Handout 1: Love and Power

Excerpted from "Love and Power: The Universalist Dilemma" by the Rev. Rosemary Bray McNatt, first presented as the John Murray Distinguished Lecture at the UUA General Assembly in Boston, June 2003. Used with permission.

The story we Unitarian Universalists tell about ourselves is a story of heroic dissent. Much of that story is true: For a long time, and in many places, we have affirmed life in the face of death; we have stood for justice in the face of injustice. That has been our gift and a small part of our blessing to this world. But what looks to us like heroic dissent has often gone unnoticed in the larger world. We call for a world of love and justice, but who is listening? The truth is that liberal religious people, including Unitarian Universalists, have been politically marginalized for some time...
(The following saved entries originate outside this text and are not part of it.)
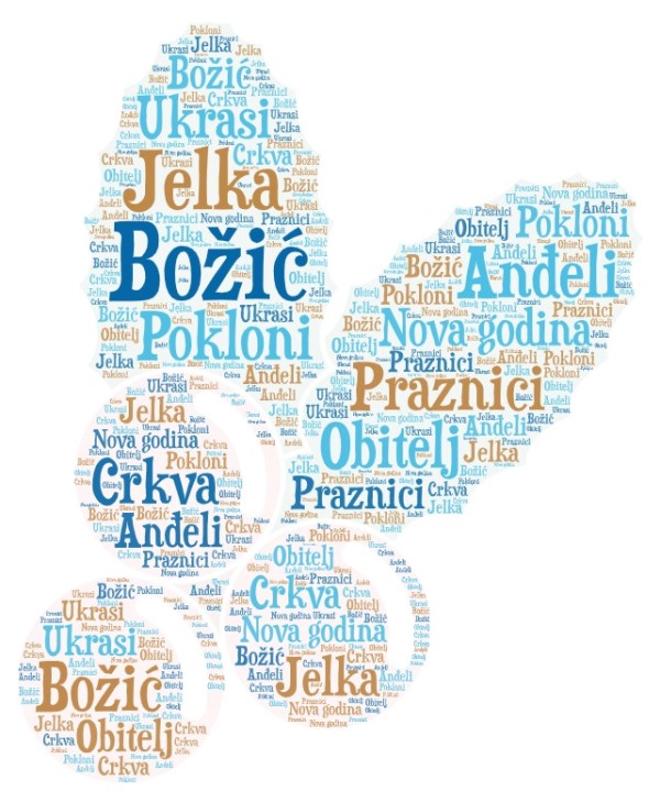 Učenici šestih razreda izrađivali su online oblake riječi koristeći riječi koje ih vežu uz Božić i Novu godinu, a pritom su njihove riječi tvorile oblike poput božićnog bora, Djeda Mraza, kuglica za bor, sanjki itd.
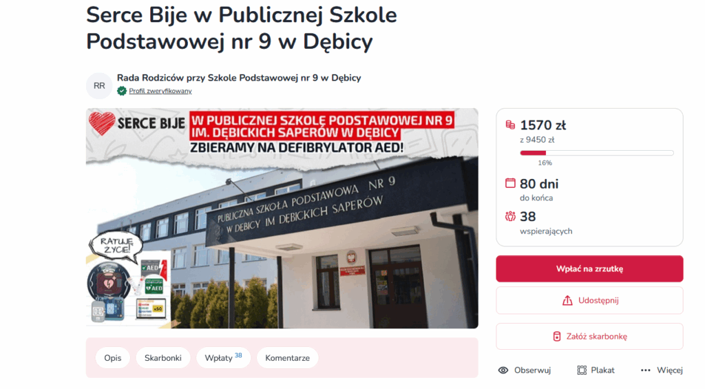 Szkoła Podstawowa nr 9 w Dębicy prowadzi zbiórkę na defibrylator AED w ramach programu „Serce Bije w Szkole”.
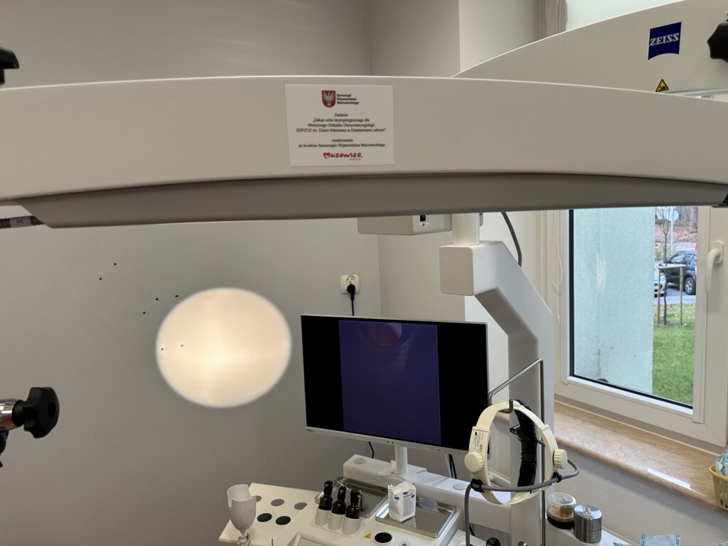 Samodzielny Zespół Publicznych Zakładów Opieki Zdrowotnej im. Dzieci Warszawy w Dziekanowie Leśnym realizuje projekt pn. „Zakup unitu laryngologicznego dla Klinicznego Oddziału Otorynolaryngologii SZPZOZ im. Dzieci Warszawy w Dziekanowie Leśnym”, wartość dotacji na realizację projektu wynosi 687 024,00 zł.
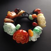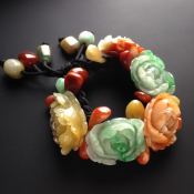 巧雕多彩 花开富贵翡翠手链 单颗尺寸27-21-10mm
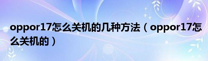 导读 大家好,小跳为你解答以上问题。oppor17怎么关机的几种方法,oppor17怎么关机的这个问题很多人还不知道,现在让我们一起来看看吧!
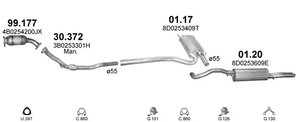 AUDI A4 B5 (8D2) 1.8 T - Výfukový systém - kompletní od 1/1995 do 11/2000, 1781 ccm, 110 kW, 150 hp, AEB, ANB, APU, ARK, ATW, AWT, limuzína
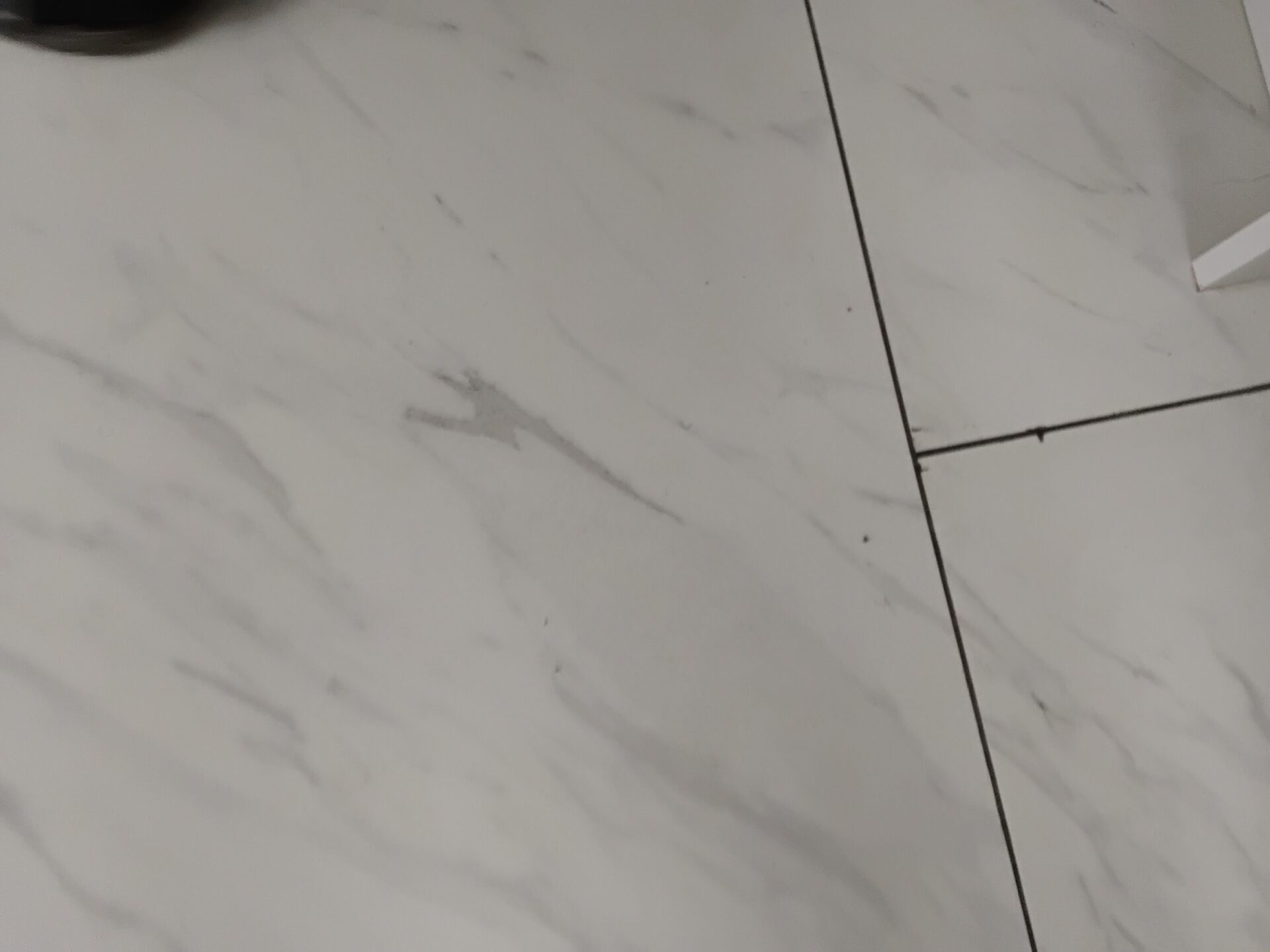 Remians of grout left on the floor tiles
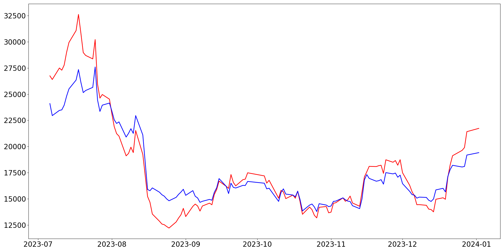 [ - : 실제값(종가) / - : 예측값(종가) ]
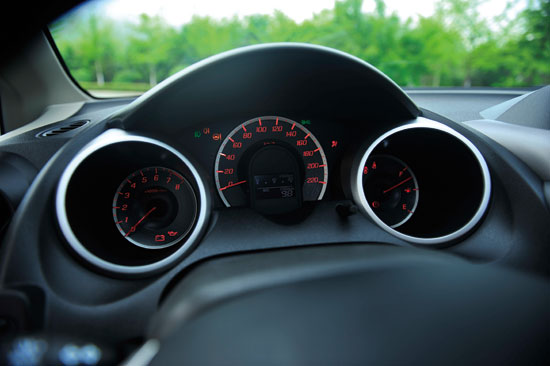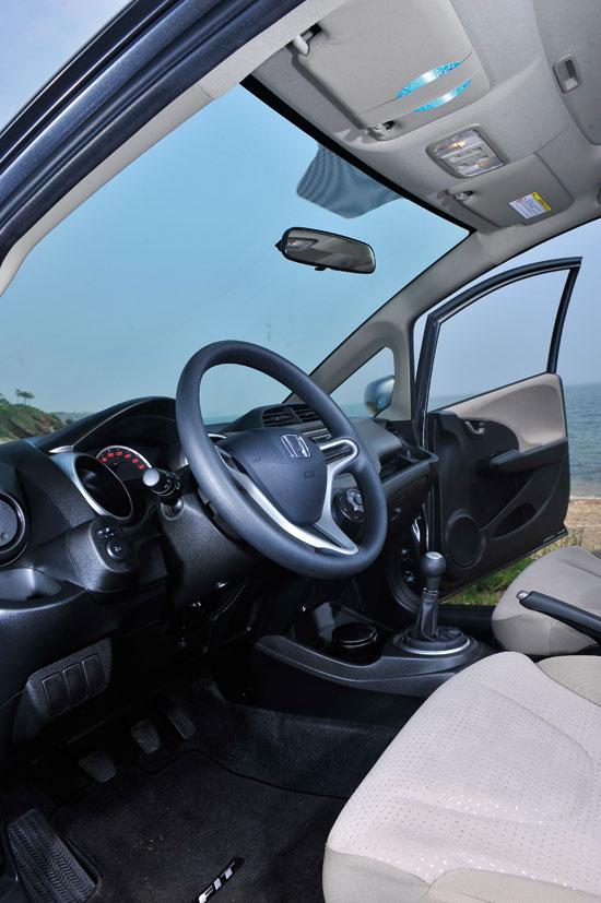 这些尺寸上的变化在你进入车内的时候不会有特别突然的直观感受,或许是因为原来的飞度已经足够宽敞了。不过当你坐在方向盘后面的时候,你却可以突然感受到视觉空间的敞亮,A柱被缩小了,三角窗面积扩大到了以前的3倍,虽然这些还是无法完全消除角落里的一些盲区,但增大的10%的前方视野却更加令人舒适。而在内后视镜里,新的嵌入式后排头枕使后视野增大了30%,整个后风挡玻璃没有丝毫的阻碍,甚至连外后视镜的范围也扩大了16%。在这里你体会到的绝对是一个宽松而愉悦的加大码。

We Unitarian Universalists are extraordinarily faithful witnesses. We are willing to call attention to injustices by the score; our congregations' social justice and faith in action committees are worn out and burnt out from the gestures of sympathy and solidarity with which we burden them and ourselves. We are vigorous and vocal in our unwillingness to allow anyone within the sound of our voices to believe, even for a second, that the regressive behavior of our government, or the racist behavior of the local police force, or the homophobic behavior of state legislators, has anything whatsoever to do with us. We are not that kind of people, we say, and we are proud of it, proud of being able to say that as bad as things periodically get, we do not remain silent. We speak up; we speak out.
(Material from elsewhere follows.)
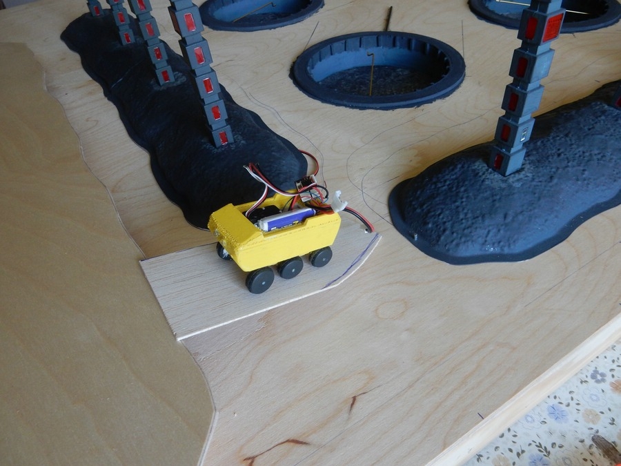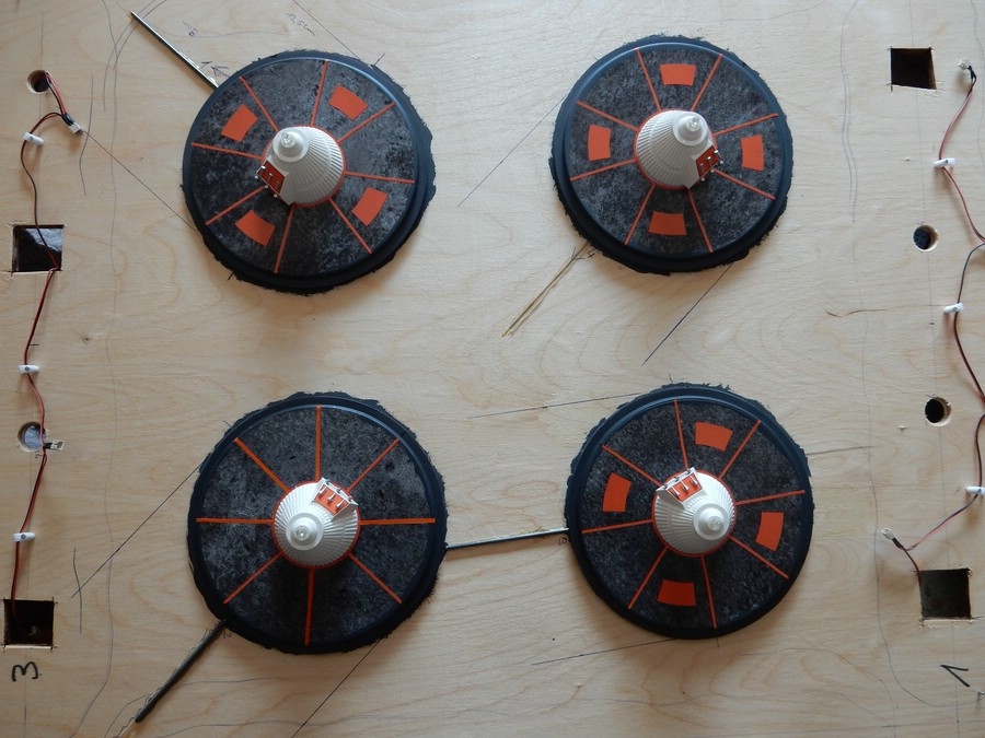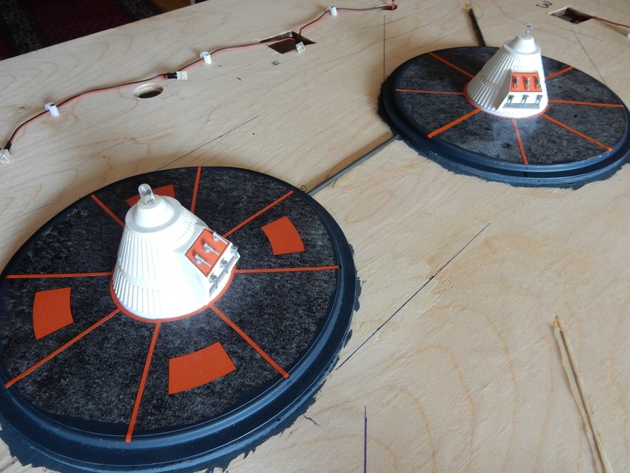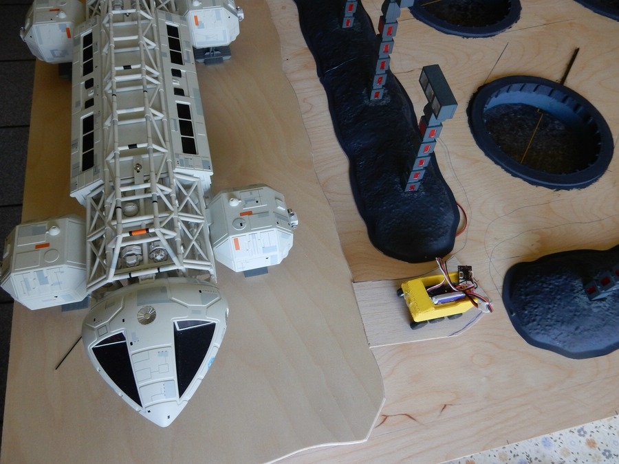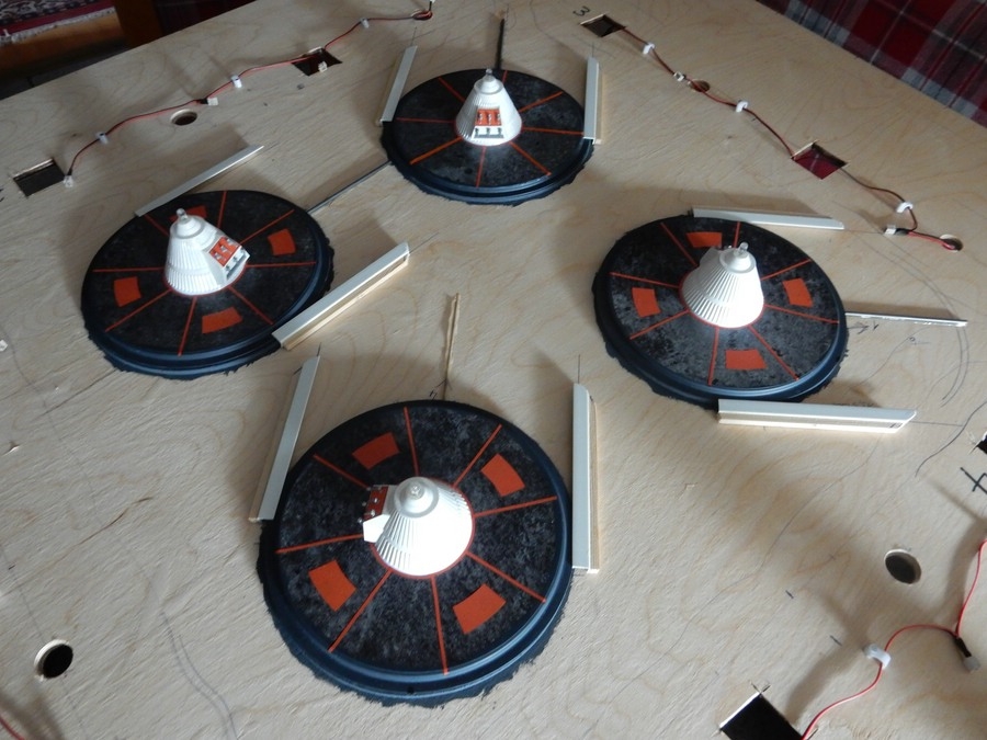 In den 4 Ecken sind die schwarzen Kästen. Diese sind für die Batterien der 16 Beleuchtungsmasten. Ebenfalls sieht man die 4 Servos mit eingehängtem Draht der durch den Ausguss in das Silo geht und dort im Ruderhorn eingehängt ist. Auch die Schalter zum schalten der vielen Beleuchtung sind fest eingebaut. Damit ist die Technik auf der Rückseite der Mondplatte komplett.

We feel good about the commitments we make, and in so doing, we make a point as well: We make sure that our hands are clean, that we are disconnected from the big horrors and the small ones that plague this broken world. We make it clear that our hearts are pure. "Don't blame me," in the words of the bumper sticker, "I voted for the other guy." Above all else, we are wedded to our innocence. We believe that "love will guide us through the hard night." But I am not so sure of that as I once was; I have found myself afraid for our faith—afraid that we have embraced a love too sentimental, too anemic, too powerless to matter in a world filled with unspeakable acts committed by people who have no interest in our witness. I am afraid that we have embraced only the symbols of love and justice and peace with no commitment, and often no clue about what we will face at the moment we attempt to make these things real. I am afraid we have consistently underestimated the people and the systems we oppose, and overestimated our own skill, our own willingness, and our own resilience. I am afraid that we have settled for cheap grace in a very expensive world...

I have rediscovered in these past few months that I have a healthy tolerance for fear, but that I really cannot bear the idea that I might be a coward. I cannot abide the idea that the faith I love so much is so often paralyzed by purity, so often blocked by a certain kind of cowardice that we render our good news worthless to those whose lives are under siege.